Если внимательно перечитать «Фиесту», то пленишься поэтичностью, с которой описывает спорт Хемингуэй. Спорт в союзе с природой играет в романе очистительную функцию: после ресторанного чада Парижа вдруг рисуется поездка в Бургете на ловлю форели; после диких сцен ревности боксера Кона и избиения им матадора – монтируется изумительная сцена купания Джейка в море и т. д.
В 1927 году Хемингуэй выпустил сборник «Мужчины без женщин». Все рассказы сборника – гимн мужскому товариществу. В этом сборнике напечатаны шесть рассказов на спортивную тему – и среди них непревзойденные «Мой старик» и «Кросс на снегу». В «Моем старике» писатель с необыкновенной теплотой рисует портрет старого спортсмена – жокея, который вынужден сгонять вес, чтобы уверенно чувствовать лошадь. Строки, посвященные легкоатлетической тренировке старика, являются гимном спорту, спорту, дарящему бодрость и силу:
«И тут мы пускаемся с ним рысцой по скаковой дорожке, он впереди, сбежим раза два, а потом выбегаем за ворота на одну из тех дорог, что идет от Сан-Сиро и по обе стороны обсажены деревьями. На дороге я всегда обгонял его, я умел бегать в то время; оглянешься, а он трусит легкой рысцой чуть позади, немного погодя оглянешься еще раз, а он уже начинает потеть.

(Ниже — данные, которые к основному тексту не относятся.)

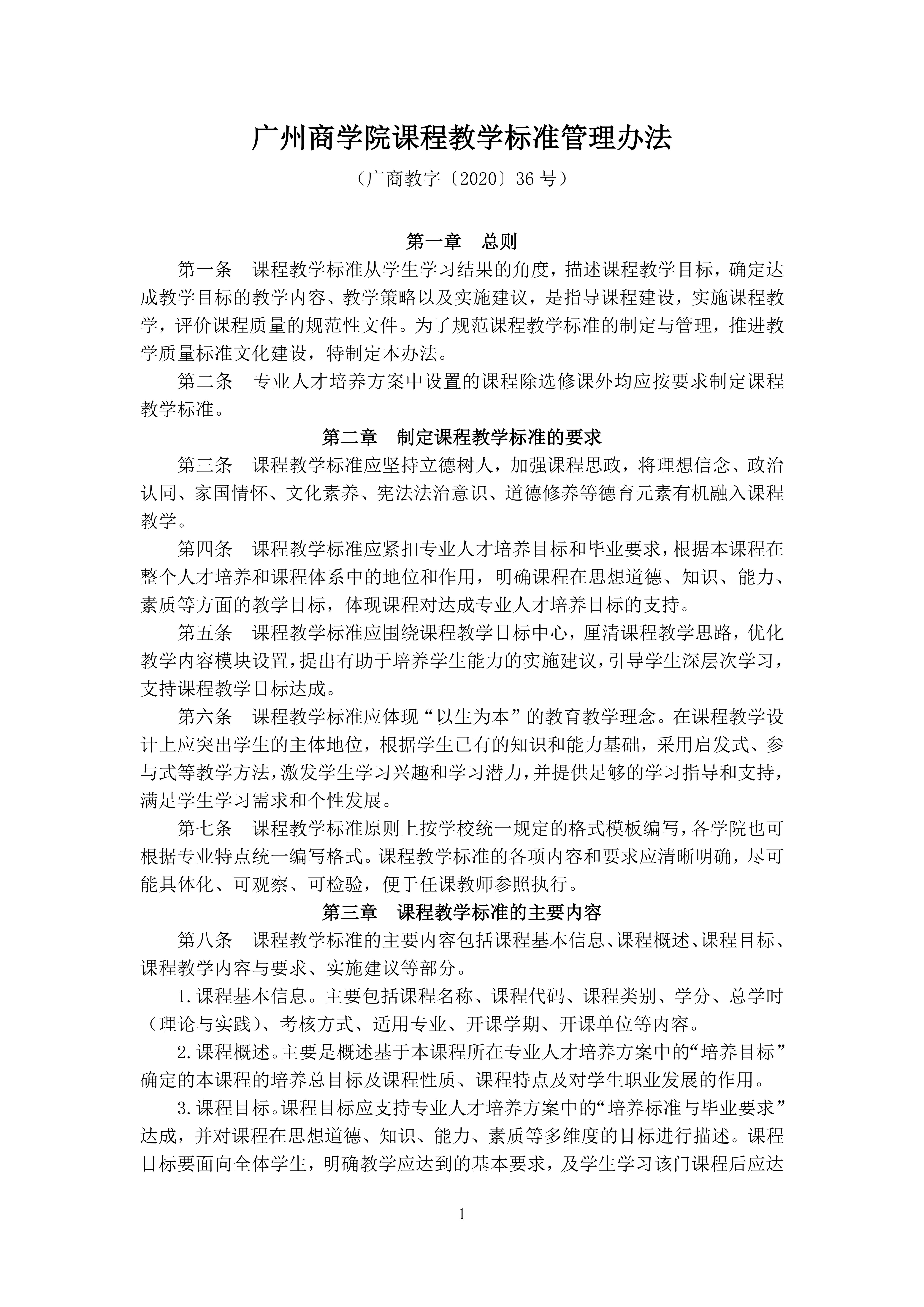 韦德官方网站课程教学标准管理办法(广商教字〔2020〕36号)
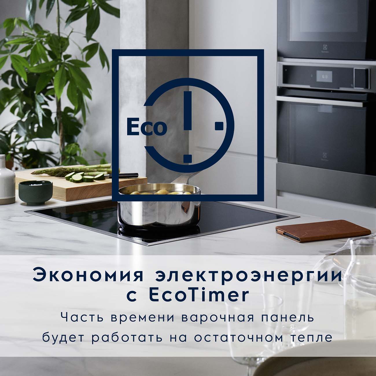 К вашим услугам два таймера. Первый – традиционный: задаёте время, после его истечения звучит сигнал, нагрев прекращается. Второй – Eco, панель отключается незадолго до окончания процесса, завершая готовку на остаточном тепле, что позволяет экономить электроэнергию.
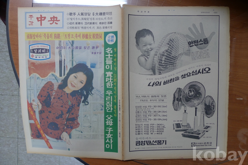 1973년 주간중앙 잡지 - 표지모델 가수 김부자 -
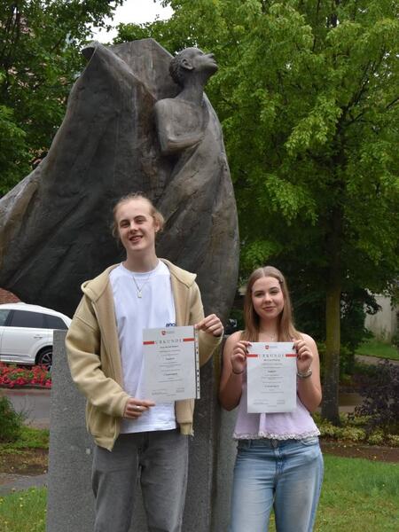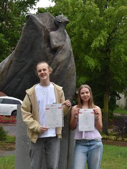 Mia-Lina Pfening und Jens-David Thoben erhielten jüngst ihre Urkunden für die Teilnahme beim Bundeswettbewerb Fremdsprache 2025 erhalten. Dabei erzielte Mia-Lina Pfening einen ausgezeichneten 3. Platz und Jens-David Thoben durfte sich sogar über einen 1. Platz freuen.

Весь обливается потом, а все бежит за мной по пятам и смотрит мне в спину, а когда увидит, что я оглядываюсь, ухмыльнется и скажет: «Здорово потею?» Когда мой старик ухмылялся, нельзя было не ухмыльнуться ему в ответ. Бежим, бывало, все прямо, к горам, потом мой старик окликнет меня: «Эй, Джо!» – оглянешься, а он уже сидит под деревом, обмотав шею полотенцем, которым был подпоясан».
Да и в празднике спорта, и в гимнах движению, и в уме моря, и в выстрелах на охоте все чаще и неукротимей вставал один вопрос: «Что же получает победитель?»
«Победитель не получает ничего», – это одна из самых горьких и мужественных фраз Хемингуэя. Родилась она в те годы, когда он увлекся корридой – поединком человека с быком. Писателю достаточно было один раз увидеть противоборство человека и быка, чтобы «заболеть» темой корриды:
«Бой быков – это не спорт. И никогда не задумывался как спорт. Это трагедия. Большая трагедия. Трагедией является смерть быка… В любом случае это не спорт. Это трагедия, и она символизирует борьбу между человеком и зверем.
…В этой схватке, когда он выходит на арену со своей тонкой шпагой и куском красной материи, смерть может настигнуть либо быка, либо матадора. Ибо ничьей в этой борьбе не бывает».
За семь лет – с 1923 года, когда он впервые увидел фиесту в честь святого Фирмина, до выхода книги «Смерть после полудня», построенной на материале корриды, он просмотрел полторы тысячи поединков человека и быков. Полторы тысячи – мы намеренно написали эти два слова буквами, а не цифрами, чтобы представить себе: сколько же эмоций отдано им корриде.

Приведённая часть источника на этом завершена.